To send a specimen to the CDC for testing [1] :

  • Call CDC consultant to discuss submission of specimens through local or state health department or state public health laboratory
  • Maintain the specimen at 36 oF-46 oF and ship with cold packs
  • Label package as required for Category B substances
  • Include completed CDC 50.34 with selected test order CDC-10132, Botulism Laboratory Confirmation and include phone and fax numbers for the state health department and hospital
  • Send package to: STAT (Attn: Botulism Lab, Unit 26) Centers for Disease Control and Prevention1600 Clifton Rd NE, Atlanta, GA 30329
  • Provde a tracking number to the CDC National Botulism Laboratory 

C botulinum may be grown on selective media from samples of stool or foods. Note that the specimens for toxin analysis should be refrigerated (not frozen), but culture samples of C botulinum should not be refrigerated.  Final results from culture for Clostridium species may take 2-3 weeks.

Because intestinal carriage is rare (and adult intestines typically do not allow for germination), identifying the organism or its toxin in vomitus, gastric fluid, or stool strongly suggests the diagnosis. [4]  Isolation of the organism from food without toxin is insufficient grounds for the diagnosis. Only experienced personnel who have been immunized with botulinum toxoid should handle the specimens. Because the toxin may enter the blood stream through the eye or via small breaks in the skin, precaution is warranted.

Wound cultures that grow C botulinum suggest of wound botulism.


Imaging Studies

Imaging studies are generally not useful in the diagnosis of botuli. [31]

The only potential role for imaging studies (eg, CT scan, MRI) would be to rule out CNS pathology, such as intracranial mass lesions, cerebrovascular disease of the brainstem, or basilar artery stroke, in patients in whom the presentation is atypical or vague.


Other Tests

Results from nerve conduction studies are normal, and electromyography (EMG) reveals reduced amplitude of compound muscle action potentials. [7, 8]

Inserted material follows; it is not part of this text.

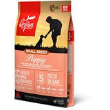 Poreklom iz Kanade ova hrana za pse prolazi najstrožije kontrole kvaliteta i obezbeđuje najbolje za Vaše ljubimce. ORIJEN hrana za štence omogućiće Vašem psu brz i ujednačen razvoj, jak imunitet i zadovoljenje svih njegovih nutricionističkih potreba.Orijen Puppy hrana je namenjena štencima i psima u razvoju, bazirana na mesu piletine, ćuretine i ribe. Proizvodi se u Alberti (Kanada) u nezavisnom porodičnom poduzeću od svežih kanadskih sastojaka. Ona sledi novi koncept ishrane pasa: biološki prikladna suva hrana za pse. Biološki prikladna hrana za pse je prilagođena izvornom načinu ishrane psa i istovremeno uzima u obzir izmenjen stil života sa redovnom ishranom i manje kretanja. DOZIRANJE:SASTAV: Sveža piletina (18%), sveže smrznuti losos (12%), sveže smrznuta curetina (10%), sveže smrznut ceo oslic (4%), sveže smrznuta cela haringa (4%), sveže smrznuta cureca jetra (4%), sveže pilece iznutrice (jetra, srce) (4%), sveža jaja (4%), dehidrirana curetina (4%), dehidrirana piletina (4%), dehidrirana haringa (4%), dehidrirana pileca jetra (4%), dehidrirano jaje (4%), cela crvena sočiva, celi pinto pasulj, pileca mast (3%), cela zelena sočiva, ceo mornarski pasulj, cele leblebije, ceo grašak, ulje bele ribe pollock (2%), vlakna sočiva, sveže smrznute novozelandske zelene školjke, sušene morske alge, sveža cela muskatna tikva, sveža cela bundeva, so, sušeni koren cikorije, sveže cele jabuke, sveže cele šargarepe, sveže cele kruške, sveže cele zukini tikvice, sveže lišće cvekle, svež kelj, svež spanac, sveže lišće repe, cele brusnice, cele borovnice, cele saskatoon bobice, kurkuma, sikavica, koren čička, lavanda, koren belog sleza, šipak. ANALITIČKI SASTAV:Sirovi proteini 38%Sadržaj masti 20 %Sirovi pepeo 9 %Sirova vlakna 4%Vlaga 12 %Kalcijum 1,3 %Fosfor 0,9 %Omega6 masne kiseline 3 %Omega3 masne kiseline 1 %DHA / EPA 0,25 % / 0,3 %DODACI (po kg): Tehnološki dodaci: 1b306(i) Ekstrakti tokoferola iz biljnih ulja: 121mg, E330 limunska kiselina: 40mg. Mirisni dodaci: Ekstrakt ruzmarina: 80 mg. Nutritivni dodaci: 3b606 (Cink: 120 mg), 3b406 (Bakar: 11 mg), 3a821 vitamin B1: 120 mg, 3a825i vitamin B2: 20 mg, 3a314 niacin: 200mg, 3a841 kalcijumDpantotenat: 60 mg, 3a831 vitamin B6: 35 mg, 3a316 folna kiselina: 7 mg, vitamin B12: 0.2 mg, 3a700 vitamin E 500 IU. Zootehnički dodaci: 4b1707 Enterococcus faecium DSM 10663/ NCIMB 10415 1x10 9 CFU.

EMG may be useful in establishing a diagnosis of botulism, but the findings can be nonspecific and nondiagnostic, even in severe cases. Characteristic findings in patients with botulism include brief low-voltage compound motor-units, small M-wave amplitudes, and overly abundant action potentials. An incremental increase in M-wave amplitude with rapid repetitive nerve stimulation may help to localize the disorder to the neuromuscular junction. Single-fiber EMG may be a more useful and sensitive method for the rapid diagnosis of botulism intoxication, particularly in the absence of signs of general muscular weakness.

The results of the edrophonium chloride, or Tensilon, test for myasthenia gravis may be falsely positive in patients with botulism. [32]  If positive, it is typically much less dramatically positive than in patients with myasthenia gravis.